Все было бы просто чудесно, только имелось одно "но". И "но" это было огромным минусом: на момент отцовского увольнения мы жили в маленьком захудалом городишке, больше похожем на деревню чуть больше средних размеров, где слова "цивилизация" местные жители побаивались, считая чем-то непотребным. Для меня, собственно, проблем как таковых не было. Все, что мне требовалось всегда имелось в избытке. Плюс я был общительным и проблем с налаживанием общего языка с соседскими ребятами и одноклассниками у меня не возникало. У меня сложились хорошие отношения с несколькими ребятами, мы часто гуляли после окончания занятий в школе, а летом пропадали вместе до самой ночи. Однако и тут я натыкался на большое "но". В двухэтажном доме напротив, рассчитанном на несколько квартир, жила занимательная семья. Родители и двое детей, брат с сестрой. Вот с ними общение у меня не заладилось от слова совсем. Девчонка, как я понял, была немая, но это ничуть не мешало ей компенсировать свой недостаток тем, что она кидалась в ребят, в том числе и в меня, камнями и грязью. И получала бы за это по шее, если бы не брат. Хоть они оба и были болезненного вида, силы, ловкости и прыти им было не занимать. Я не знал их имен, но за глаза прозвал девчонку Чахоткой, ибо она была бледна, сторонилась солнца. Ее тусклые светлые волосы редели день ото дня, а под глазами залегли черные тени. Мальчишку я называл Бешеным, слишком уж агрессивен он был к окружающим. Мои родители и родители других детей неоднократно беседовали с родителями Чахотки и Бешеного, они понимающе кивали, делали сочувствующие лица, обещали, что поговорят со своими чадами, что уж там - отлупят! Но ни к чему эти беседы не привели, только эти брат с сестрой свирепели сильнее и ладно бы кидания землей и камнями продолжились. Они усугубились.

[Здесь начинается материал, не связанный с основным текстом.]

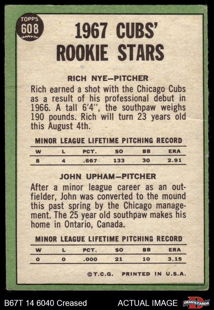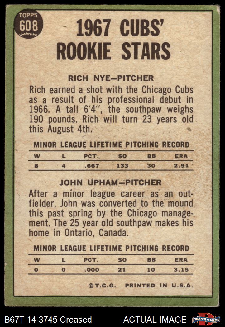 1967 Topps #608  -  Rich Nye / John Upham Cubs Rookies Front Thumbnail

Мы находили безжизненные тельца кошек и собак. Бедных животных насмерть забивали камнями, полностью размозжив им головы. Все прекрасно понимали, что так стали развлекаться Чахотка и ее братец, но никаких прямых доказательств у нас не было, мы ни разу не смогли поймать их с поличным. Других настолько отбитых личностей в округе просто не было. Я и другие ребята ходили по городку и хоронили несчастных созданий, каждый раз заливаясь слезами. Родители много-много раз запрещали мне это делать, ведь приходя домой я запирался в комнате и отказывался есть. У меня кровью сердце обливалось, после того как приходилось засыпать землей несколько котят, а ведь им еще расти и расти, бегать, радоваться солнцу и щекочущей траве, лакомиться молоком и прочими прелестями раздольной кошачьей жизни. А вышло так, что оборвалась она еще толком не успев начаться.

Лично у меня терпение лопнуло после того, как мы нашли соседскую собаку, прекрасную, умную, но доверчивую и очень любящую детей Герду. Чудесное создание с еще недавно пушистым белым мехом лежало в овражке, недалеко от гаражей. Одной разбитой головой тут не обошлись, ей вспороли брюхо и отрубили лапы. Герду опознали по ошейнику. Мы ребятами просто стояли и молча смотрели на несчастное животное, не в силах вымолвить и слова. Самым страшным для нас было то, что придется дойти до хозяина Герды, славного доброго дедули, который коротал дни в одиночестве и для которого любимый питомец был единственной отрадой. Мы сняли ошейник, собрали охапку полевых цветов и, прежде чем засыпать бедняжку землей, укрыли ее мягким цветочным покрывалом.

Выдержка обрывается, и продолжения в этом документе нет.